John Stauffer is professor of English and African American studies at Harvard University, and the editor of 21st Editions, which publishes limited edition photography books. He is the author or editor of twenty books and over 100 articles, including two books that were briefly national bestsellers, Giants: The Parallel Lives of Frederick Douglass and Abraham Lincoln (Twelve, 2008); and State of Jones, co-authored with Washington Post columnist Sally Jenkins (Anchor, 2009).
The Black Hearts of Men (Harvard University Press, 2002) was the co-winner of the Frederick Douglass Book Prize and second place for the Lincoln Prize. The Battle Hymn of the Republic: A Biography of the Song That Marches On, co-authored with Benjamin Soskis (Oxford University Press, 2013), was a Lincoln Prize finalist. His book, Picturing Frederick Douglass: An Illustrated Biography of the 19th-Century's Most Photographed American (W.W. Norton, 2015), was also a Lincoln Prize finalist.
His essays and reviews have appeared in Time, the Wall Street Journal, the New York Times, the Washington Post, the Huffington Post, and in scholarly journals and books.
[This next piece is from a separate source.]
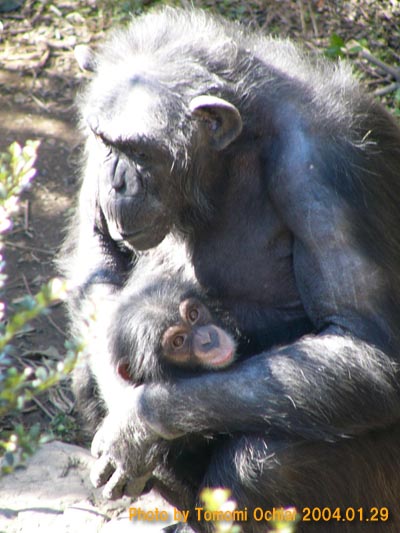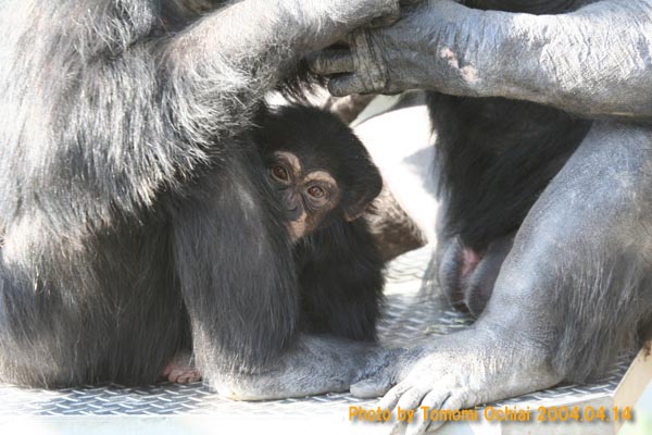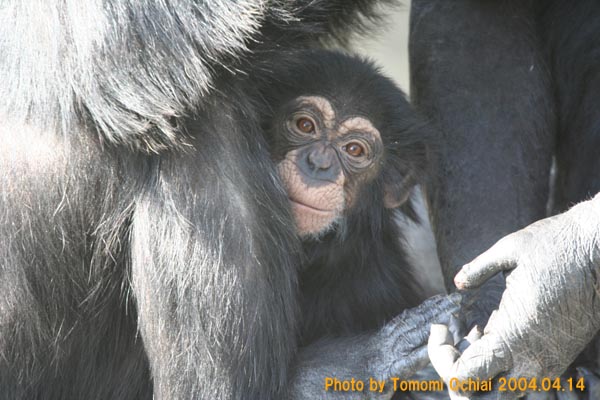 京都大学霊長類研究所で生まれる(1710g)。衰弱していたため、生後10日間は人工保育。その後、母親プチの元に返された。プチにとっては3回目の出産で、初めての子育てだった。 |
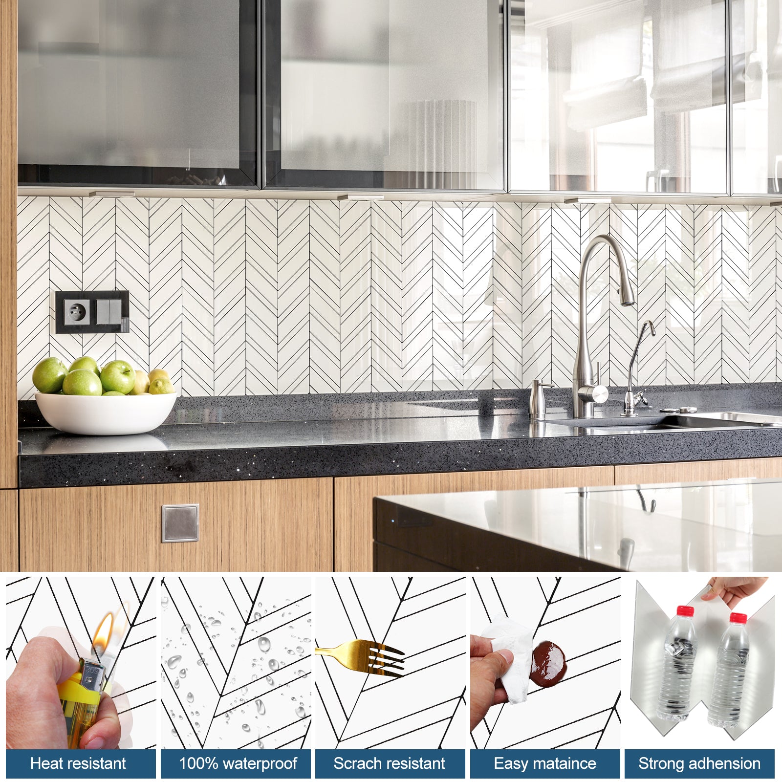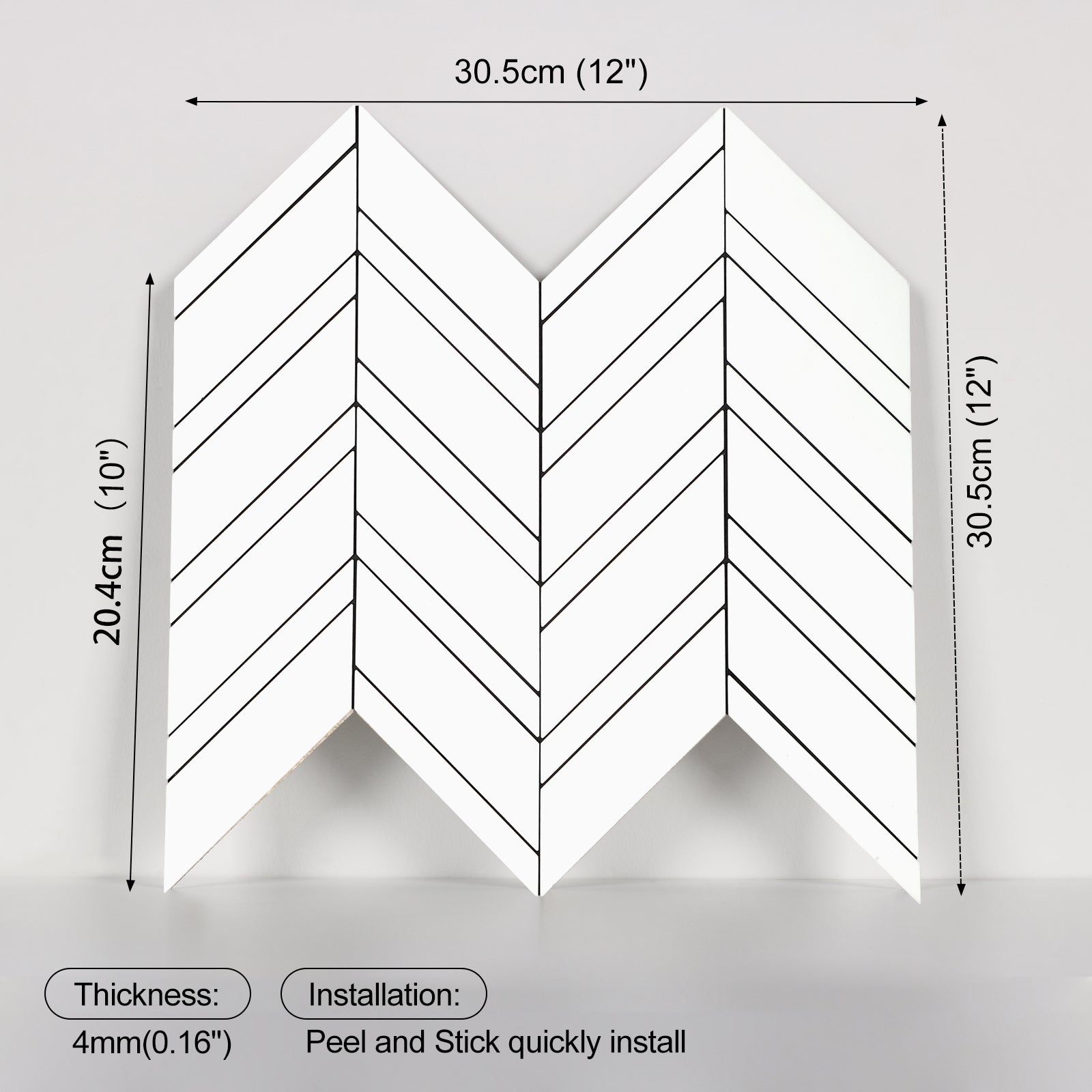 12" X 10" Polished White Herringbone Backsplash Peel and Stick Tile

He has lectured throughout the US and Europe, and was an advisor for the 2012 film Django Unchained, an advisor and contributor to the traveling exhibition, WAR/PHOTOGRAPHY (2012-14); and an advisor and talking head for the documentaries God in America (2010), The Abolitionists (2013), and The African Americans: Many Rivers to Cross (2013); and an advisor to The Free State of Jones (2015).